* _What you have to do_: The answer must consist of each line below that contains the string "Hoodie".

* _Records for this task_:
☆ ☆ ☆ ☆ ☆ ☆ ☆

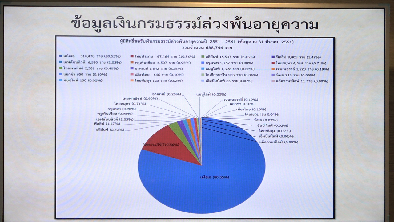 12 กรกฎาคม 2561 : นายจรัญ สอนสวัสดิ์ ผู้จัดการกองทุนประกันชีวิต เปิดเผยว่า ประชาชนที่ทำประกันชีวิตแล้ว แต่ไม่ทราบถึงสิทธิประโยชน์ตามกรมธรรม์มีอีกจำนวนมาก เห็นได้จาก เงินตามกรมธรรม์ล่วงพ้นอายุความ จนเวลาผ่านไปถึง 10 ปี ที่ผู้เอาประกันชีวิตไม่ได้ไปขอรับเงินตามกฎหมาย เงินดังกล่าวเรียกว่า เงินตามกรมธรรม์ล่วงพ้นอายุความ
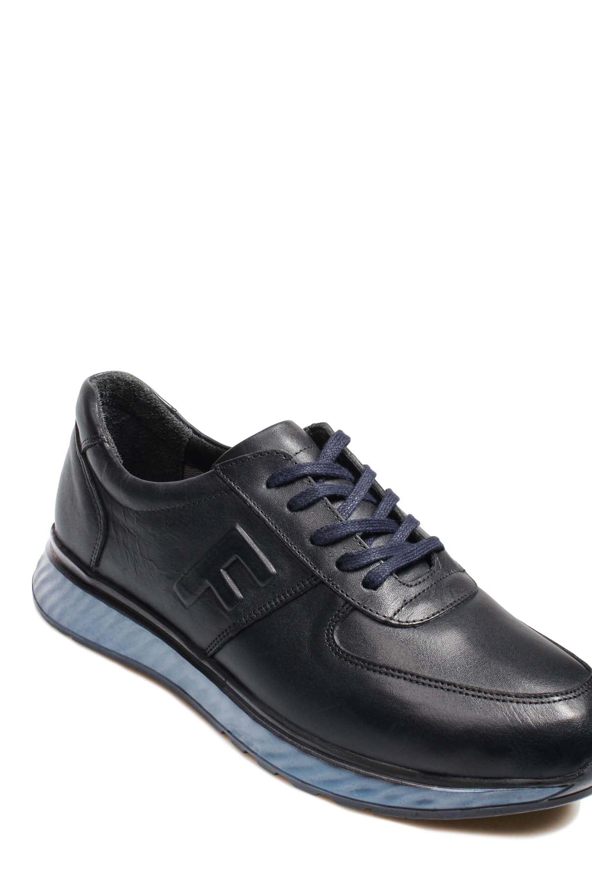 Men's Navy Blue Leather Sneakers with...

☆ ☆ ☆ ☆ ☆ ☆ ☆

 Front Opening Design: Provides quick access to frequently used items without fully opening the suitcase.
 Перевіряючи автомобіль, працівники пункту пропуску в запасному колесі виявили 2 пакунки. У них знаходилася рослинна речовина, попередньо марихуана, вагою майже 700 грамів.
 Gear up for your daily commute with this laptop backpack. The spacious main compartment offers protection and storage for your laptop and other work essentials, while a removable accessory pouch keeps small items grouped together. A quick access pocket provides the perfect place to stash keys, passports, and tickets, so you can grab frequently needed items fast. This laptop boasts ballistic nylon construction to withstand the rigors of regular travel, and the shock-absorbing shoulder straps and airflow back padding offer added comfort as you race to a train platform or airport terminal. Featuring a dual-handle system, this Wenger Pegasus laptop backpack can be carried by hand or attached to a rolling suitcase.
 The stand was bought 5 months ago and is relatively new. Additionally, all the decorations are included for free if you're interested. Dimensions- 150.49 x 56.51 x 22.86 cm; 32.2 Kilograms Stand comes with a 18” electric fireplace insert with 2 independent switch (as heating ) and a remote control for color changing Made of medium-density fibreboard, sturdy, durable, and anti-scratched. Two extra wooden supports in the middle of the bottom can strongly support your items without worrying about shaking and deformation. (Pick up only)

☆ ☆ ☆ ☆ ☆ ☆ ☆

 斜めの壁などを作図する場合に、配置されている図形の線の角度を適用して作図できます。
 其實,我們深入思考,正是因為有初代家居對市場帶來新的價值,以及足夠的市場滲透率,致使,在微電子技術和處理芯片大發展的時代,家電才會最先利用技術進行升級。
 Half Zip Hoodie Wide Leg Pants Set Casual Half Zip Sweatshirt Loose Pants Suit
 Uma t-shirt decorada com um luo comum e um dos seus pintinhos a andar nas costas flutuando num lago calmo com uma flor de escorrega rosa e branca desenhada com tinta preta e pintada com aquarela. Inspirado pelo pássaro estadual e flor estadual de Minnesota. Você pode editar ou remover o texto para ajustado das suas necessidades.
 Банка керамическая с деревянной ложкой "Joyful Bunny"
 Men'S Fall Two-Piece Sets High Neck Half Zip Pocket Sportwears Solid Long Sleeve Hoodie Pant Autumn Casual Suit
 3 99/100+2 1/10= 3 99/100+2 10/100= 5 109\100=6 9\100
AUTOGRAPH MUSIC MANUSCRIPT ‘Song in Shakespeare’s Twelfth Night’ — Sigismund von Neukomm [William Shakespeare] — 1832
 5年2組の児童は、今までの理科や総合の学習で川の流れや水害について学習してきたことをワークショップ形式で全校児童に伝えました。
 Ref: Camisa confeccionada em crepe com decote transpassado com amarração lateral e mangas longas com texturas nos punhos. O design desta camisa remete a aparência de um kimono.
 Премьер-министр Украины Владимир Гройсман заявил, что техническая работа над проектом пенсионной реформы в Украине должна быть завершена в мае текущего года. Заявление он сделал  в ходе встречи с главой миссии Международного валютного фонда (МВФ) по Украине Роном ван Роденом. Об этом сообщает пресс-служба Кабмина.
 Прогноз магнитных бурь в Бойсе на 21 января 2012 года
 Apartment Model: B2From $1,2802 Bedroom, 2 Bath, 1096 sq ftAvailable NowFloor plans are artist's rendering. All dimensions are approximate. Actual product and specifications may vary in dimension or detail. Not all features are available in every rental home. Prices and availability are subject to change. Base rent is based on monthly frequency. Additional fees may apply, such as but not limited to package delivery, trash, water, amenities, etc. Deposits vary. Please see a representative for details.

☆ ☆ ☆ ☆ ☆ ☆ ☆

* _Answer box_:
 Half Zip Hoodie Wide Leg Pants Set Casual Half Zip Sweatshirt Loose Pants Suit
 Men'S Fall Two-Piece Sets High Neck Half Zip Pocket Sportwears Solid Long Sleeve Hoodie Pant Autumn Casual Suit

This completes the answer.